With pictures left out, only the lines from the one containing "Heart attack patients" through the end of the records should be reproduced exactly, please.
Start of Block
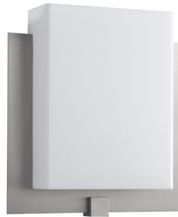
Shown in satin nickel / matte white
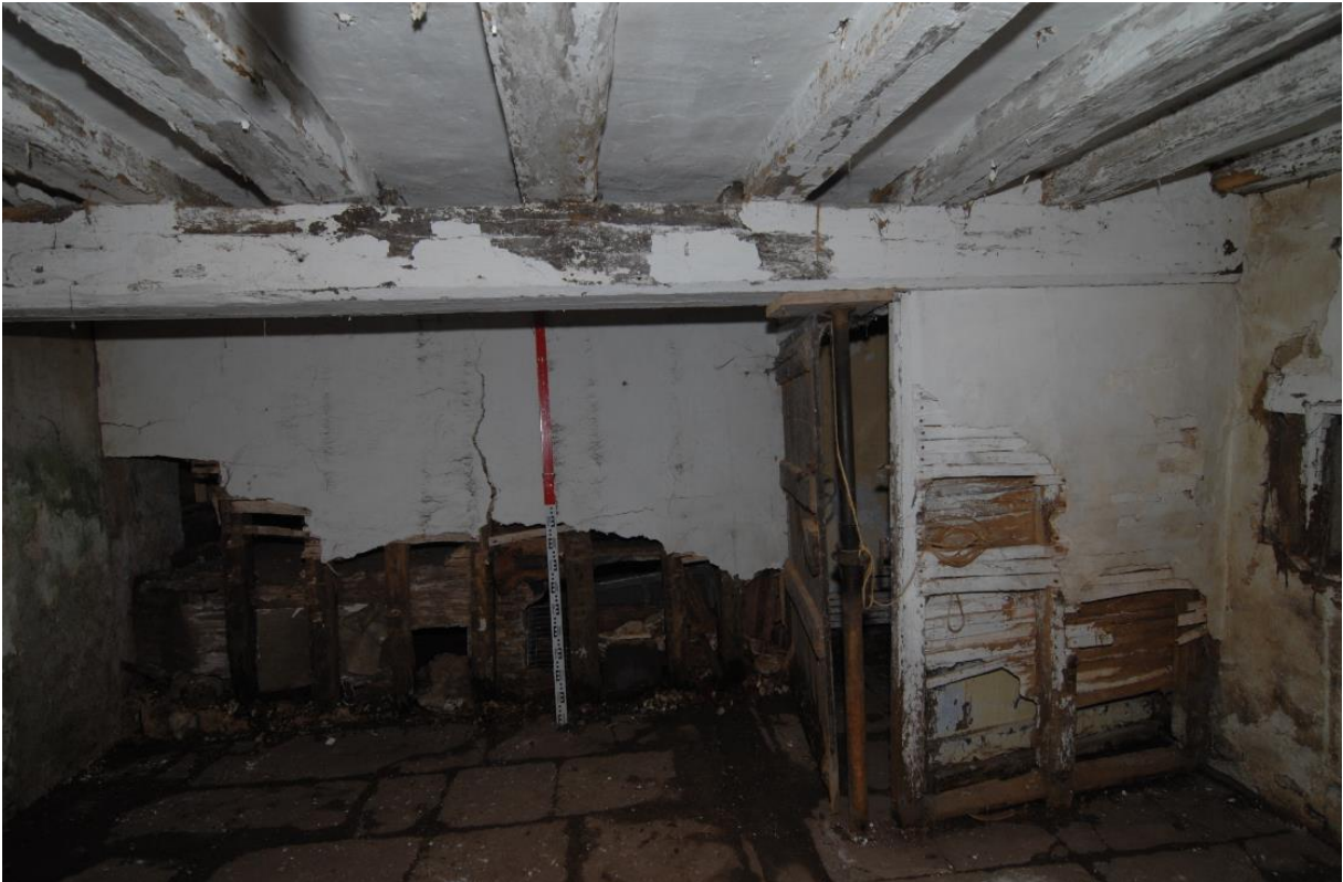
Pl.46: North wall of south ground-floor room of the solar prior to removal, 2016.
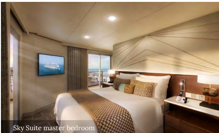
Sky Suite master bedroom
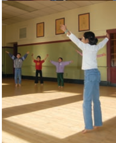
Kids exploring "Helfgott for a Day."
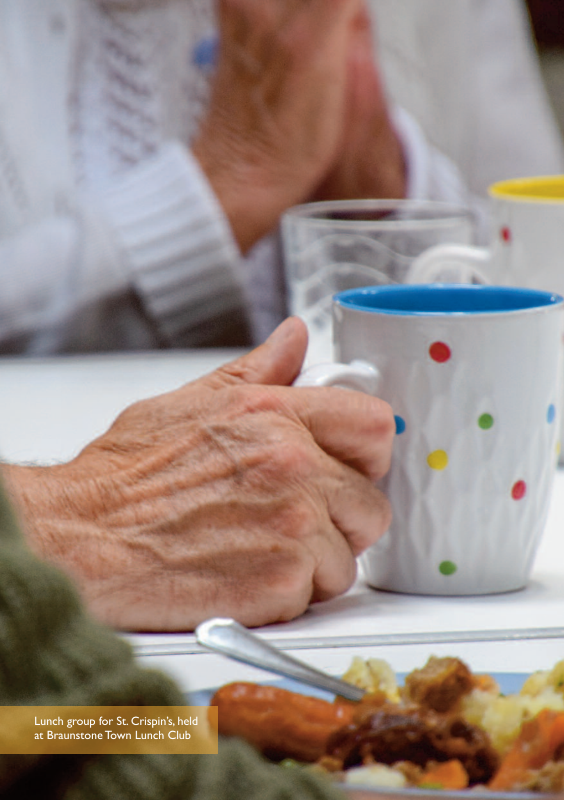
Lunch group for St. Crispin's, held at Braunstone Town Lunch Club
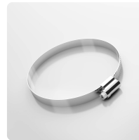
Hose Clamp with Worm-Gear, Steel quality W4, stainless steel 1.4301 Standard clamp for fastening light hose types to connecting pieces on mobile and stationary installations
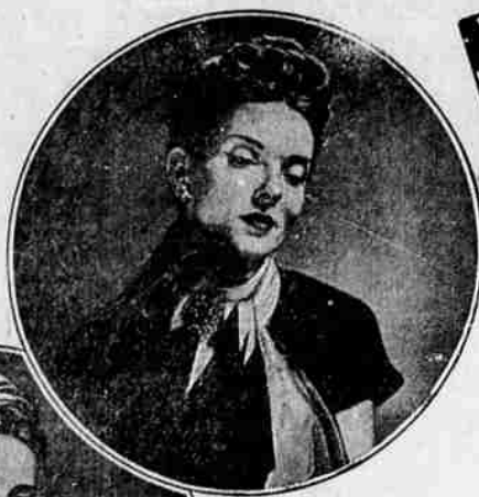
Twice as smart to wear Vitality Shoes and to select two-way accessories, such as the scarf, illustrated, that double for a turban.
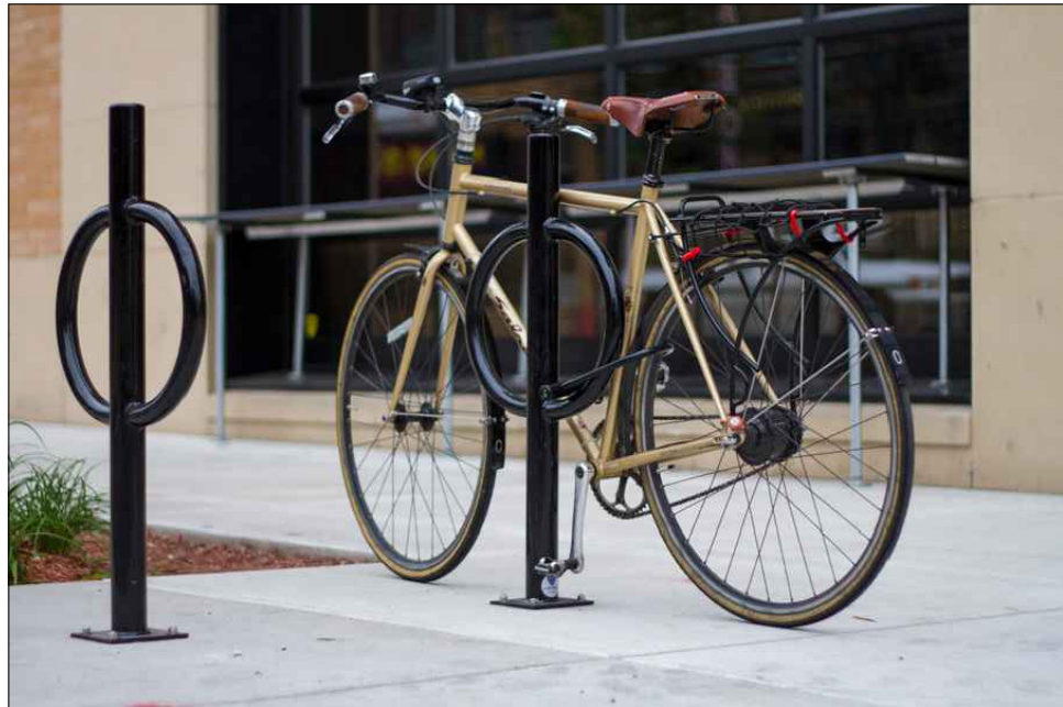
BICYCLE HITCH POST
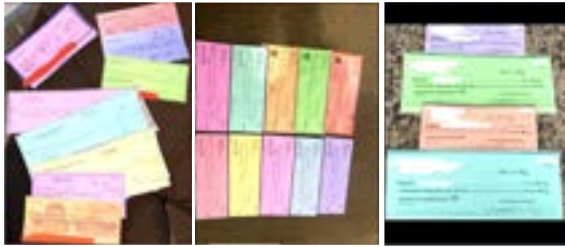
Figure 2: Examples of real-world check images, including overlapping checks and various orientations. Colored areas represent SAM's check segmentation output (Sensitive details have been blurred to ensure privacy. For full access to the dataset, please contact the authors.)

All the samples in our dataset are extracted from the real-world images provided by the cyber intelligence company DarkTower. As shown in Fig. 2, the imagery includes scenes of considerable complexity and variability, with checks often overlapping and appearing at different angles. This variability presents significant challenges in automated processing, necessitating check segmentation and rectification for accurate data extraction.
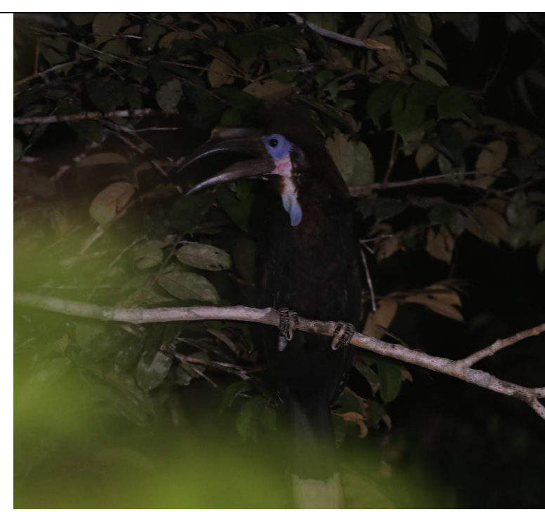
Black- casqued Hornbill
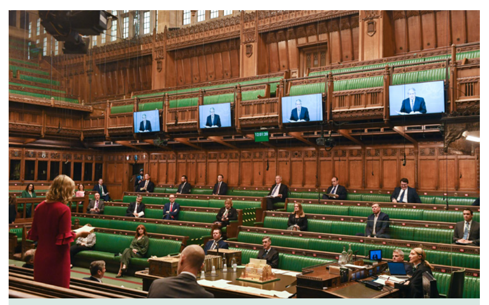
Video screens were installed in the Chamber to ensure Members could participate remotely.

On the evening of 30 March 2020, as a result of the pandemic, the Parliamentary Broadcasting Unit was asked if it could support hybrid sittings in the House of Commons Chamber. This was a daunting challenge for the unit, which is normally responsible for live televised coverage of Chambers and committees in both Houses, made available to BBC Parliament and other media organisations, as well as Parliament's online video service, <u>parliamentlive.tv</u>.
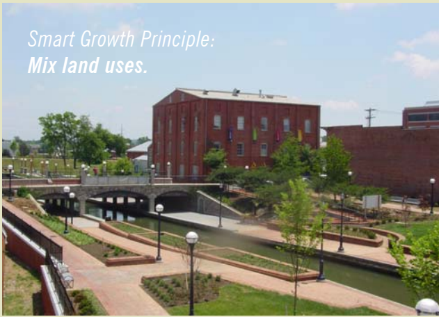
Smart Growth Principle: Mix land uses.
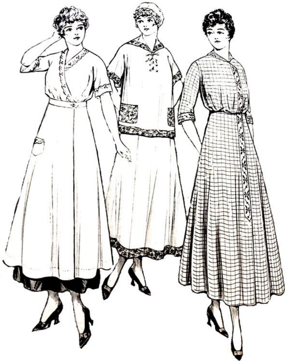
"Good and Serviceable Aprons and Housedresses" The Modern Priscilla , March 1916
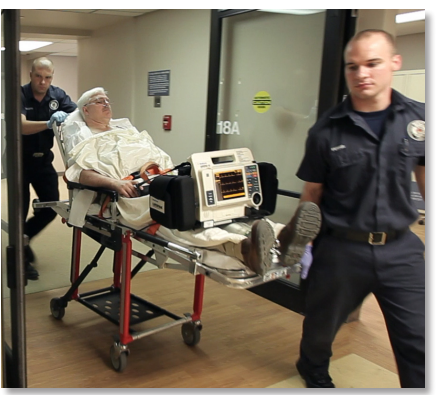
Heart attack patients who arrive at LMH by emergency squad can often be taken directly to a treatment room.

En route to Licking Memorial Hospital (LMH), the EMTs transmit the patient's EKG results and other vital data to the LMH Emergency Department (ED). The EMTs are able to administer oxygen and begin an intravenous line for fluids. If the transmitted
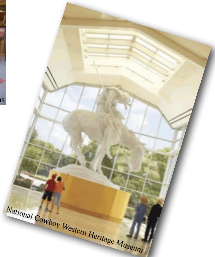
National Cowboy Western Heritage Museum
End of Block
RESULT FOR THIS EXERCISE.
Heart attack patients who arrive at LMH by emergency squad can often be taken directly to a treatment room.

En route to Licking Memorial Hospital (LMH), the EMTs transmit the patient's EKG results and other vital data to the LMH Emergency Department (ED). The EMTs are able to administer oxygen and begin an intravenous line for fluids. If the transmitted
National Cowboy Western Heritage Museum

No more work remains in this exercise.